ASSIGNMENT:
From the very first line of the data to the line containing "with customizable icon", retype everything exactly, leaving the pictures behind.

Start of RECORDS PROVIDED

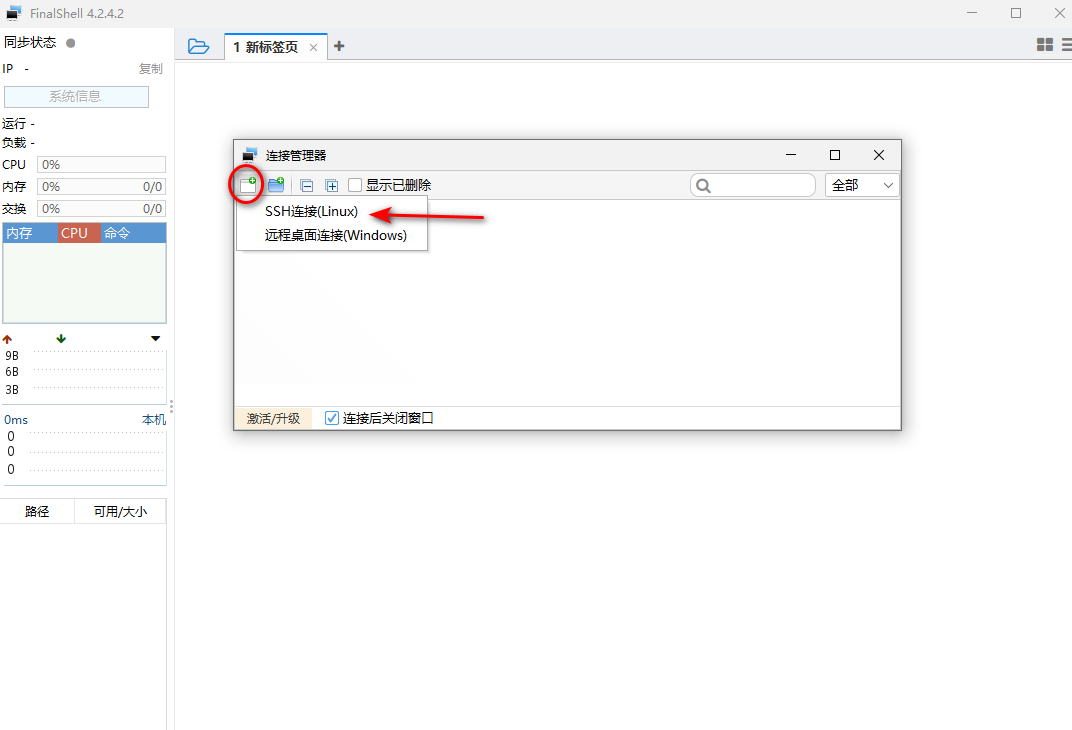 2. 会跳出个窗口,接着点击箭头所示按钮,点击SSH链接
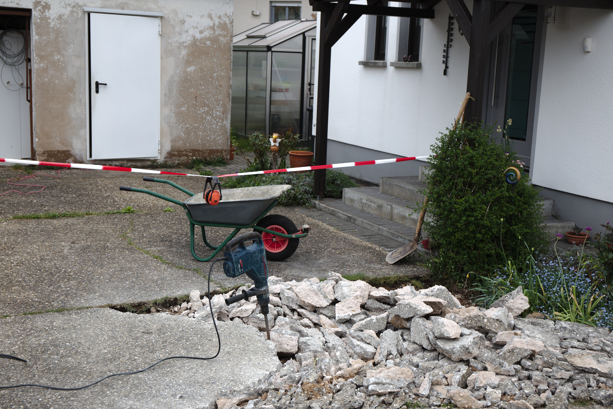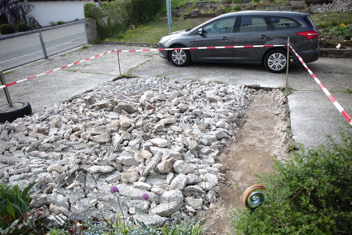 Obwohl, Spatenstich ist vielleicht der falsche Ausdruck. Denn es kam primär mein großer Boschhammer zum Einsatz, um die Waschbetonplatte in handliche Stücke zu zerkleinern. Diese Betonstücke kommen übrigens bei der Neugestaltung meines Kakteenhügels wieder zum Einsatz, der zu klein geworden ist (bzw. die Kakteensammlung wurde größer und größer und größer … )
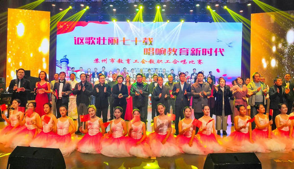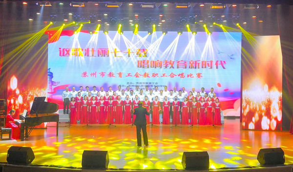 为庆祝中华人民共和国成立70周年,深入学习贯彻习近平新时代中国特色社会主义思想和党的十九大精神,激发广大教职工爱国爱岗爱生热情,紧紧围绕新时代教育事业改革发展和工会工作中心任务,以教职工为本,以改革为要,以实干为重,努力开创党的群团工作新局面。由中国教育工会苏州市委员会组织开展的“中国梦.劳动美.教育情”主题教育系列活动之一的“讴歌壮丽70载,唱响教育新时代”教职工合唱比赛于11月30日在苏州幼儿师范高等专科学校举行。
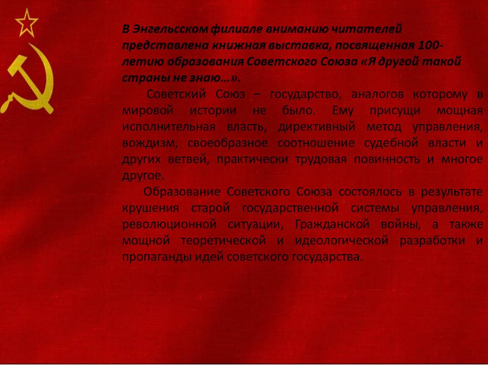 Книжная выставка к 100-летию СССР «Я другой такой страны не знаю»
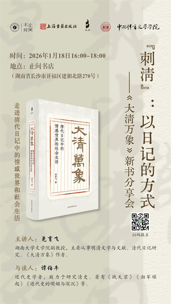 清代是中国古代日记的集大成时期,日记写作蔚然成风,上至达官显贵,下至贩夫走卒,人人皆可在纸墨间落印自己的观察、思考与情感。个人书写成为时代风貌的生动切片。1月18日,湖南大学文学院副教授、《大清万象:清代日记中的情感世界和社会生活》作者尧育飞将携新书做客止间,并与知名近代史学者、清史研究者谭伯牛以“‘刺清’:以日记的方式”为题展开对谈。
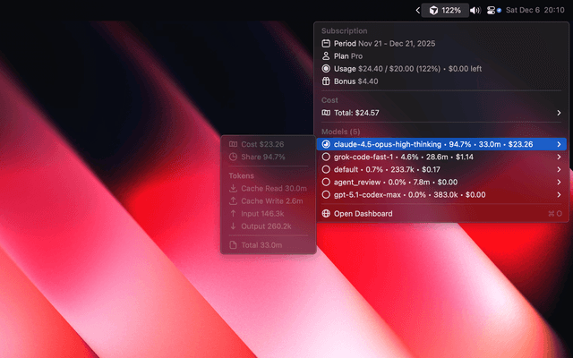 • Menu Bar Display — Shows usage percentage, cost, or both with customizable icon
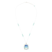 Experience the beauty and elegance of our Scenic Beach Blue Larimar Sterling Silver Necklace. These stunning earrings feature a gorgeous beach picture captured within clear glass and expertly crafted by hand. The sterling silver adds a touch of luxury, while the pendant measure 2.5" in length and .1.25" at its widest point. With a total weight of 27.7g, these necklaces are the perfect statement piece for any occasion.
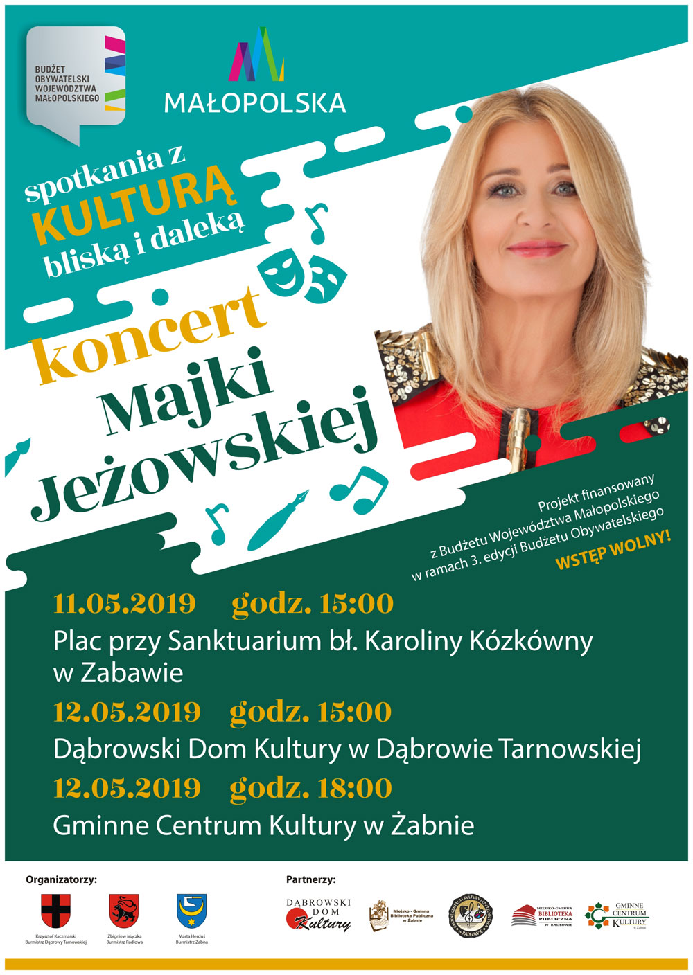 Niezwykły koncert z myślą o małych i dużych, całych rodzinach, odbędzie się w sali kinowej Dąbrowskiego Domu Kultury w niedzielne popołudnie 12 maja (godz. 15:00). Na scenie wystąpi Majka Jeżowska z zespołem muzycznym. Wydarzenie będzie realizowane w ramach zadania „Spotkania z kulturą bliską i daleką” jako część bloku imprez finansowanych z Budżetu Obywatelskiego Małopolski ze środków Województwa Małopolskiego. W ramach projektu odbywają się spotkania autorskie, koncerty, spektakle, ale przede wszystkim biblioteki w Radłowie, Dąbrowie Tarnowskiej i Żabnie wzbogacą swoje księgozbiory, które posłużą długofalowo szerokiej grupie czytelników. Realizując ten projekt spełniamy oczekiwania tych, którzy go poparli i na niego zagłosowali, a było to 3 337 osób! Organizatorami projektu są burmistrzowie 3 gmin: Burmistrz Żabna – Marta Herduś, Burmistrz Radłowa - Zbigniew Mączka, Burmistrz Dąbrowy Tarnowskiej - Krzysztof Kaczmarski. Zadanie realizowane jest w 3 gminach subregionu tarnowskiego przez: Gminne Centrum Kultury i Czytelnictwa w Radłowie, Dąbrowski Dom Kultury, Miejsko-Gminną Bibliotekę Publiczną i Gminne Centrum Kultury w Żabnie. Organizatorem koncertu niedzielnego jest Dąbrowski Dom Kultury.

End of RECORDS PROVIDED

SOLUTION FOR THIS TASK:
 2. 会跳出个窗口,接着点击箭头所示按钮,点击SSH链接
 Obwohl, Spatenstich ist vielleicht der falsche Ausdruck. Denn es kam primär mein großer Boschhammer zum Einsatz, um die Waschbetonplatte in handliche Stücke zu zerkleinern. Diese Betonstücke kommen übrigens bei der Neugestaltung meines Kakteenhügels wieder zum Einsatz, der zu klein geworden ist (bzw. die Kakteensammlung wurde größer und größer und größer … )
 为庆祝中华人民共和国成立70周年,深入学习贯彻习近平新时代中国特色社会主义思想和党的十九大精神,激发广大教职工爱国爱岗爱生热情,紧紧围绕新时代教育事业改革发展和工会工作中心任务,以教职工为本,以改革为要,以实干为重,努力开创党的群团工作新局面。由中国教育工会苏州市委员会组织开展的“中国梦.劳动美.教育情”主题教育系列活动之一的“讴歌壮丽70载,唱响教育新时代”教职工合唱比赛于11月30日在苏州幼儿师范高等专科学校举行。
 Книжная выставка к 100-летию СССР «Я другой такой страны не знаю»
 清代是中国古代日记的集大成时期,日记写作蔚然成风,上至达官显贵,下至贩夫走卒,人人皆可在纸墨间落印自己的观察、思考与情感。个人书写成为时代风貌的生动切片。1月18日,湖南大学文学院副教授、《大清万象:清代日记中的情感世界和社会生活》作者尧育飞将携新书做客止间,并与知名近代史学者、清史研究者谭伯牛以“‘刺清’:以日记的方式”为题展开对谈。
 • Menu Bar Display — Shows usage percentage, cost, or both with customizable icon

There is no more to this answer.